Era una questione molto più complicata di quanto potesse sembrare all'apparenza, perché la ragazza non aveva idea di chi mandare: Vevika ed Ǻke non comprendevano una parola di latino e sarebbero stati facile preda dei truffatori; avrebbe voluto mandare Ingegärd, ma non si fidava a farla viaggiare da sola in terra straniera. In quanto barbara avrebbe suscitato l'odio di gran parte della popolazione.
 "Mio padre non si abbasserebbe mai a simili mansioni, anzi, andrebbe su tutte le furie se provassi a chiederglielo! Chi potrebbe accompagnarla, dunque? Io? Non sarebbe decoroso e correremmo gravi rischi… Aurelio? Coglierebbe l'opportunità per scappare, lo so!"
Aveva osservato attentamente il suo nuovo schiavo, negli ultimi giorni, e se da un lato ne aveva apprezzato l'ingegno e la perizia, dall'altro aveva notato anche l'insofferenza verso la sua autorità.
"E' un bene che il padrone non lo veda mai!" aveva sentenziato Ingegärd, interpellata in materia "Altrimenti l'avrebbe già frustato senza pietà! E gli starebbe anche bene!"
Non era infrequente, infatti, che il ragazzo rispondesse in malo modo agli ordini, o si intestardisse a svolgere un compito alla propria maniera; Ronja l'aveva lasciato fare, perché le sue intuizioni si erano rivelate sempre buone, ma era preoccupata da quel manifesto desiderio di libertà e iniziava a pensare di aver commesso un errore.
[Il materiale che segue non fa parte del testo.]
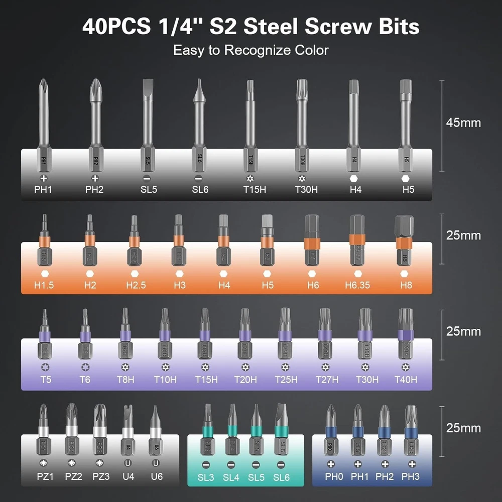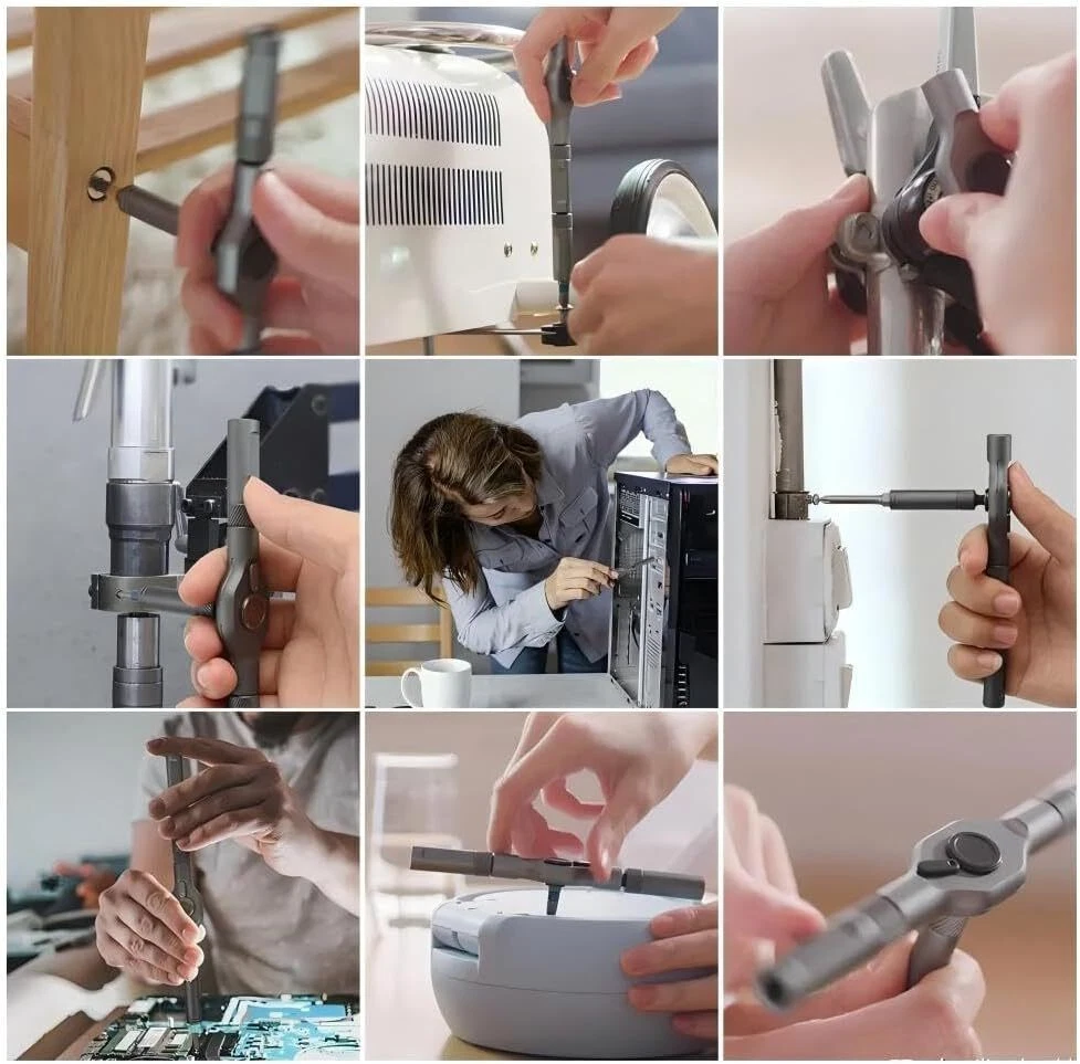About this item Flexible Ratchet Handle Design - The handle features a detachable structure, allowing for various combinations and multifunctional adjustments to fit different situations, like using in narrow spaces. The ergonomic aluminum handle design is lightweight yet rugged, crafted from hot-forged aluminum alloy with high-precision CNC molding for durability and oxidation resistance. Its lightweight construction ensures ease of handling, making it perfect for extended use without fatigue. Effortless Ratcheting Mechanism - Equipped with a 6.2-degree ratchet and 58-tooth forward-reverse ratchet mechanism, offering 80% effort savings. With a 50N.m torque, Bomivoi ratcheting screwdriver set tool makes it simple to tighten or loosen screws without wrist adjustments, saving time and effort in every repair job. 42-in-1 Screwdriver Set - Bomivoi handy screwdriver set includes 40PCS S2 magnetic chromium-molybdenum alloy steel bits, featuring a 6.35mm (1/4") diameter, one handle, and a magnetic slot. the bit driver set comprises 32 short bits (25mm) and 8 long bits (45mm), including various types like PH, SL, Torx, Hex, PZ, and U-shape. Ideal for home, work, DIY projects, professional task, and repairs, providing the right tool for any task. Strong Magnetic & Easy Identification - Features a magnetic handle for secure bit placement and a convenient magnetic slot within the case to recharge the bits’ magnetism as needed. Color-coded bit rings ensure quick and easy identification, improving work efficiency and simplifying organization. This magnetic screwdriver set effectively tackles various tasks, including home appliance repairs, home furniture repairs, and automotive maintenance. Compact Case, Perfect Gift Choice - Housed in a sturdy, compact storage case (6.6 x 3.7 x 1.6 inches, 15.6 oz), this mini screwdriver set is an excellent gift for professionals and DIY enthusiasts alike. Whether for furniture, electronics, appliance, computers, motorcycle or bike repairs, it's a practical present for Christmas, holidays, birthdays, Father's Day or any special occasion.

Quando l'aveva salvato era convinta che sarebbe bastato quello per conquistarsi la sua fiducia, ma non era stato così, anzi, Aurelio sembrava covare un perenne odio per le persone che lo circondavano, lei compresa. Eppure era proprio la fiamma della sfida che gli brillava nello sguardo a farle desiderare la sua lealtà; aveva provato ad indagare sul suo passato per scoprire quale fosse la chiave per guadagnarsi il suo rispetto, ma il ragazzo era stato troppo vago.
"E' a quest'uomo che dovrei affidare la mia vita?" pensò la ragazza con un brivido, proprio mentre Aurelio si affacciava in cucina con un carico di legna da ardere. Vevika voltò il capo verso di lei, perplessa:
"Avete freddo, mia signora?"
Ronja scosse la testa, infastidita dall'occhiata che le lanciò Aurelio, troppo lunga e sfacciata per uno nella sua posizione.
La ragazza si alzò in piedi con la solita compostezza ed alzò il mento con fare sprezzante: il suo servo la superava in altezza, anche se di poco, e questo le incuteva sempre un po' di soggezione.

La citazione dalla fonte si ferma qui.